RURAL ROUTES/Margot Ford McMillen

Dead Zones Expanding to a Body of Water Near You

I’m declaring it here and now: The “Silly Season” has officially ended, and now we can get down to business. The Silly Season, for those who have forgotten their pre-Civil War word coinage, is the late-summer time when news cycles are slow and the media fills space by reporting on all sorts of non-essentials.

The term goes way back, but was re-popularized in a 1950s sci-fi short story by Cyril Kornbluth about mischievous aliens. The ETs pulled silly stunts, which were dutifully reported by the media until the public got bored. At the end of the story, the media stops covering the pranks, and then, in true sci-fi style, the spooky purpose of the conniving aliens is revealed.

But that’s just fiction, right? Here in the real world of 2016, the media remains vigilant, citizens ask the right questions, and politicians take their roles seriously. Ha! The “up-ballot” folks, running for national offices, have no idea how things are on the ground. But the “down-ballot” folks, working at the state, county, city level should be easier to work with. Especially when it comes to issues that affect our neighborhoods, schools, police, fire protection and city services. Those roles are filled by our neighbors, and we can go to meetings and talk to them directly, if only we take the time.

It’s candidate forum time, and I hope you’re preparing questions, arranging carpools to the events, and raising your hand to ask, “what will you make legal?” Because the pols can make it legal to dump raw sewage into streams, or to smoke marijuana, or to shoot your neighbor. They can do things that are very bad or very good. And, the effects of one legislative session can last for generations.

Here in Missouri, we had a very bad legislative session, capped off by a record number of governor vetoes that were overriden by the General Assembly. Among the overrides is a bill that will change the nature of the Clean Water Commission, a body of seven members supposed to watch the health of streams in our state. Instead of being peopled by caring citizens, the commission will have six members representing industry. So, Missouri’s next governor will be able to appoint a majority of commissioners who represent agribusiness, dirty coal, failed sewage plants and the like.

Think of the opportunity! Already, our waters are polluted with uncontrolled amounts of coal ash, insecticides, manure from Confined Animal Feeding Operations and overflow from underperforming sewage plants. The solution to pollution is dilution, they say, and no doubt nature has power to clean up much of our overflow, but nature has limits.

Missouri is gifted with the two major rivers — Mississippi and Missouri — that carry water to the Gulf of Mexico. In the Gulf, remember, there is a giant dead zone where nothing good can live. It might be characterized as an area where nature has given up. The combination of chemicals flowing into the Gulf has changed the composition of the water to a point where nature is past its limits and cannot do the clean-up work.
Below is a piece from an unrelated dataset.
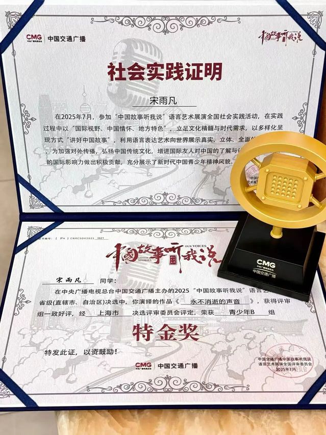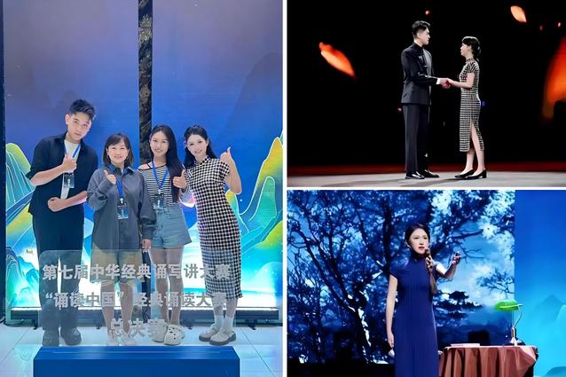 在语言艺术与专业赛事中,同学们斩获多项高层次荣誉。24级张静怡、信博文、言姝瑾在教师指导下参加第七届中华经典诵写讲大赛“诵读中国”全国总决赛,张静怡、信博文以作品《对话·红色追思》取得线下分数第3名。23级聂心灵、李雨璠《与妻书》获第三届“国话杯”剧本朗读大赛金奖。23级宋雨凡获中央广播电视总台“中国故事听我说”语言艺术展演特金奖。23级刘卓、李瑞思涵、聂心灵《七子之歌》,22级肖倬睿、郭书豪《两千年前的闪击》,23级张之一、侯思明《黎明的赞歌》获得港澳和内地高校老员工中华经典诵读交流展演优秀作品奖。

Dead zones are caused when huge amounts of phosphorous and other nutrients was from land, pumping up growth of algae and the loss of oxygen in water. When first noticed, back in the 1990s, they lasted a few days or a couple of weeks, but now the Dead Zones take up residence for months at a time.

In September, at the meeting in Green Bay, Wis., of the Socially Responsible Agriculture Project, I was shocked to learn that there are many dead zones in our national waters. There is a dead zone in Green Bay, a broad finger of water trapped between Wisconsin’s mainland and the Door County peninsula. And there is a Dead Zone in Ohio’s Maumee River that flows into Lake Erie. And there’s one in Saginaw Bay on Lake Huron. And, the Mississippi has at least one dead zone, down near Missouri’s bootheel.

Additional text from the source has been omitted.